The skill acts as an interactive research assistant — it does not stop at a single search pass. After each pass the agent explicitly prompts the user with expansion suggestions and awaits direction. The plan is a living document written to disk only when the user approves it.

Discovery is topic-centered. Discovery runs against a concrete topic and writes its artifacts under that topic's process/plans/ directory. The optional --domain <label> flag is descriptive metadata used to frame domain advice and search strategy; it does not replace the topic identity.


Guiding Principles

  • Discovery is pure research. All searches are delegated to rh-skills CLI commands. All clinical reasoning, source evaluation, and research synthesis happen in this skill.
  • Download at the end, not during research. Source files are only downloaded after the user approves and saves the plan (Step 12). The plan can be freely re-run, revised, and reviewed before any acquisition occurs.
  • Single source of truth. discovery-plan.yaml is the authoritative source list. discovery-readout.md is a generated narrative derived from it and should never be edited directly.
  • Always close the loop. Every response must end with a status block followed by a friendly user prompt and lettered next-step options. The user must never have to ask "what do I do next?"

User Input

$ARGUMENTS

Inspect $ARGUMENTS before proceeding. The first word is the mode (plan or verify). Discovery runs against a required <topic> positional argument. The optional --domain <label> flag names the clinical research area used to frame domain advice and search strategy.

Mode Arguments Example
plan <topic> [--domain <label>] [--force] plan diabetes-ccm --domain diabetes
verify <topic> verify diabetes-ccm

Mode Defaulting: If the first token is not plan or verify, treat the input as plan <topic> ....

  • <topic>: required kebab-case lifecycle identifier for artifact location and tracking context.
  • --domain <label>: optional freeform research area label used for domain advice, search framing, and plan/readout metadata. If omitted, infer from the topic/context.
  • --force: overwrite existing discovery-plan.yaml and discovery-readout.md (plan mode only).
  • If the mode is unrecognized (neither plan nor verify), print this table and exit with an error.

Pre-Execution Checks

For plan mode only: check whether a plan already exists for the topic:

ls topics/<topic>/process/plans/discovery-plan.yaml 2>/dev/null
  • If it exists and --force was not passed: warn the user, offer to load it for continuation or start fresh with --force. Wait for the user's choice.
  • If it exists and --force was passed: proceed, overwriting on save.
  • If it does not exist: proceed normally.

When continuing an existing plan: Load the saved plan into memory as the starting sources[] list. Resume at Step 1 to refresh domain advice, then run Steps 2–5 to fill any identified gaps. Always run the full Steps 7–10 before saving — source review table, access advisories (for any authenticated/manual sources), expansion suggestions, and interactive prompt. Do not skip these steps even when the session prompt is task-framed ("add them and re-validate") or when running in an automated eval context.


Mode: plan

The plan is an interactive research loop. Complete all steps; prompt the user after each major pass before proceeding.

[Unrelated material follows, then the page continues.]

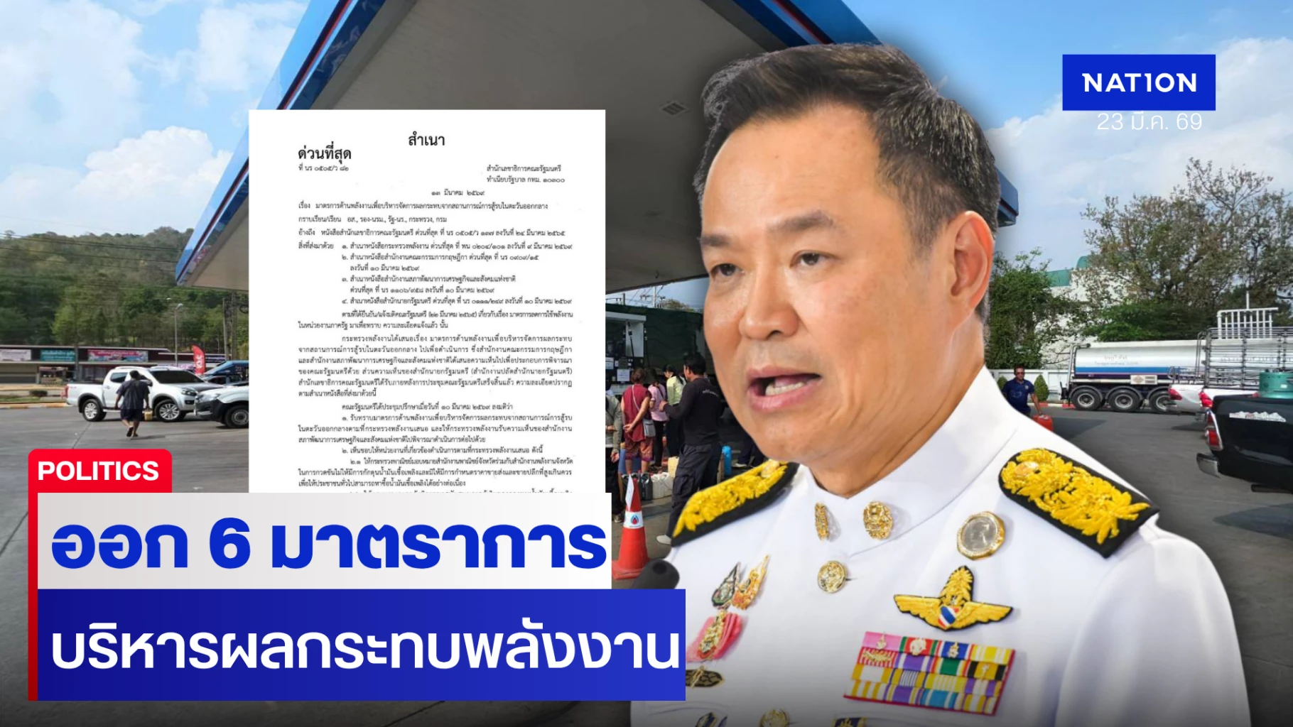 23 มีนาคม 2569 ผู้สื่อข่าวรายงานจากทำเนียบรัฐบาลว่า เมื่อวันที่ 13 มีนาคม 2569 สำนักเลขาธิการคณะรัฐมนตรี ได้ออกหนังสือเวียน องค์กรอิสระตามรัฐธรรมนูญ รองนายกฯ รัฐมนตรี กระทรวง กรม เกี่ยวกับมาตรการด้านพลังงานเพื่อบริหารจัดการ ผลกระทบจากสถานการณ์การสู้รบในตะวันออกกลาง วิกฤตพลังงาน 2569 ระบุว่า

Step 0 — Scan for Manually Placed Files

Before starting searches, check whether the user has pre-placed any source files (PDFs, CSVs, etc.) in the sources/ directory:

rh-skills source scan

Interpret the output:

  • UNTRACKED files — the user has placed a file that is not yet in the plan. Read the filename and use head -20 sources/<file> (for text/CSV) to infer content. Preview each as an access: manual source entry via rh-skills source add --dry-run --access manual ... to generate and review the YAML snippet. Hold these entries in memory — do not use --append-to-plan here because no plan file exists yet. They are merged into sources[] when the plan is written in Step 11. Infer --type from extension: .pdf/.md/.txtdocument or clinical-guideline; .csv/.tsv/.xlsxdataset.
  • SHA-CHANGED files — a previously tracked file has changed on disk. Warn the user and suggest re-running ingest to pick up changes.
  • TRACKED files — already registered; nothing to do.

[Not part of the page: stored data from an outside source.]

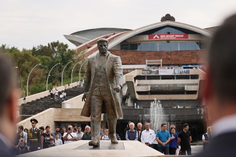 Այնուհետև վարչապետը և ներկաները ծաղիկներ են խոնարհել Կարեն Դեմիրճյանի արձանին՝ հարգանքի տուրք մատուցելով նրա հիշատակին: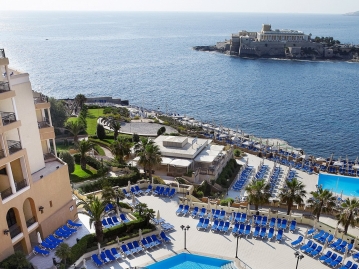 セント・ジュリアン地区の端、セントジョージズ湾に位置する「コリンシアホテルセントジョージズベイ」は地中海を見渡せる五つ星リゾートホテルです。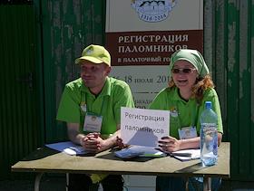 Регистрация паломников во время торжественного крестного хода из Хотьково в Сергиев Посад,…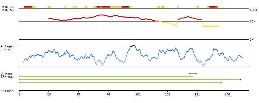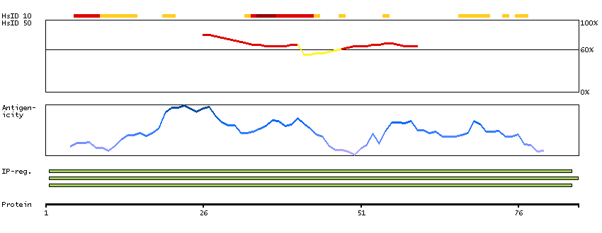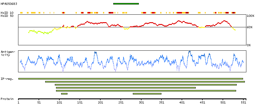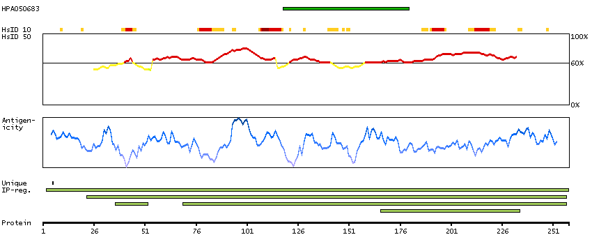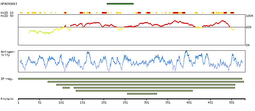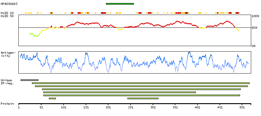 Under the antigens, the maximum percent sequence identity of the protein to all other proteins from other human genes is displayed, using a sliding window of 10 aa residues (HsID 10) or 50 aa residues (HsID 50). The region with the lowest possible identity is always selected for antigen design, with a maximum identity of 60% allowed for designing a single-target antigen (read more).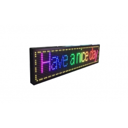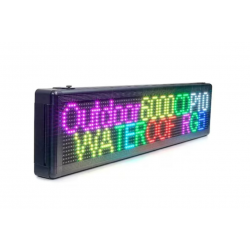 Este conceputa pentru utilizarea in spatii EXTERIOARE, se monteaza foarte usor prin fixare pe perete. Textul se poate personaliza in functie de preferinte, mesajele sunt afisate sub diferite fonturi, embleme. Totodata se poate regla intensitatea, viteza de redare a mesajului cat si efectele speciale.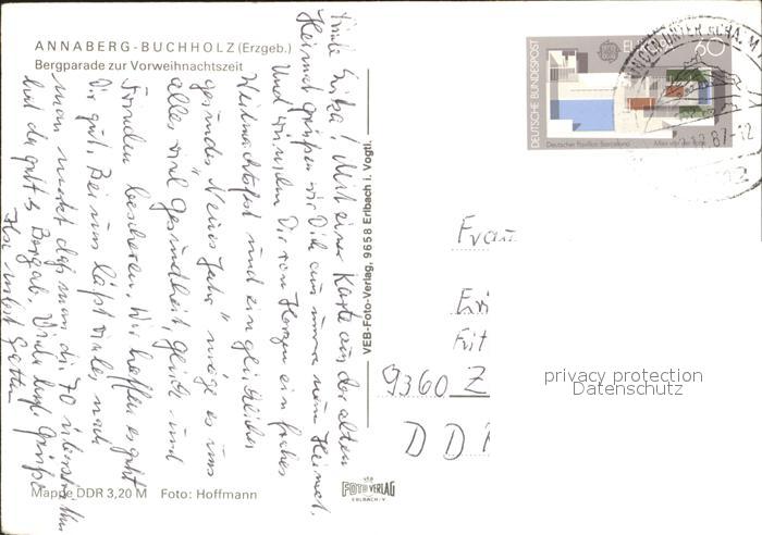 72343532 alte Postkarte Annaberg-Buchholz Erzgebirge Bergparade zur Vorweihnachtszeit postalisch gelaufen Erhaltung siehe scans KatCode: 11110014171010

If sources/ does not exist or is empty, skip this step silently and proceed to Step 1.

Emit status block:

  Step:   0 — Manual File Scan · Complete
  Found:  <N> untracked, <N> SHA-changed, <N> tracked
  Plan:   <N> sources in memory
  Next:   Step 1 — Domain Advice

Step 1 — Domain Advice

Read reference.mdDomain Advice Checklist. Present domain-specific guidance for the research area, addressing all checklist items relevant to the domain:

  • CMS program alignment (eCQMs, MIPS/QPP, Medicaid, CMMI models)
  • SDOH relevance (Gravity Project domain taxonomy)
  • Health equity considerations
  • Existing quality measure landscape
  • Key terminology systems likely needed (SNOMED, LOINC, ICD-10, RxNorm)
  • Health economics angle (cost of care, disease burden) — required when the topic involves a chronic condition, preventive intervention, or CMS program

This advice is captured in the Domain Advice section of discovery-readout.md (the generated narrative file) and guides which sources to prioritize.

Emit status block:

  Step:   1 — Domain Advice · Complete
  Plan:   0 sources in memory
  Next:   Step 2 — run PubMed/PMC searches

Step 2 — PubMed Search

rh-skills search pubmed --query "<terms>" --max 20 --json
rh-skills search pmc   --query "<terms>" --max 20 --json

Choose search terms based on the topic name, clinical synonyms, and domain advice from Step 1. If --domain <label> was provided, use it to refine the search framing and readout metadata. Run at least one PubMed search AND one PMC search per plan.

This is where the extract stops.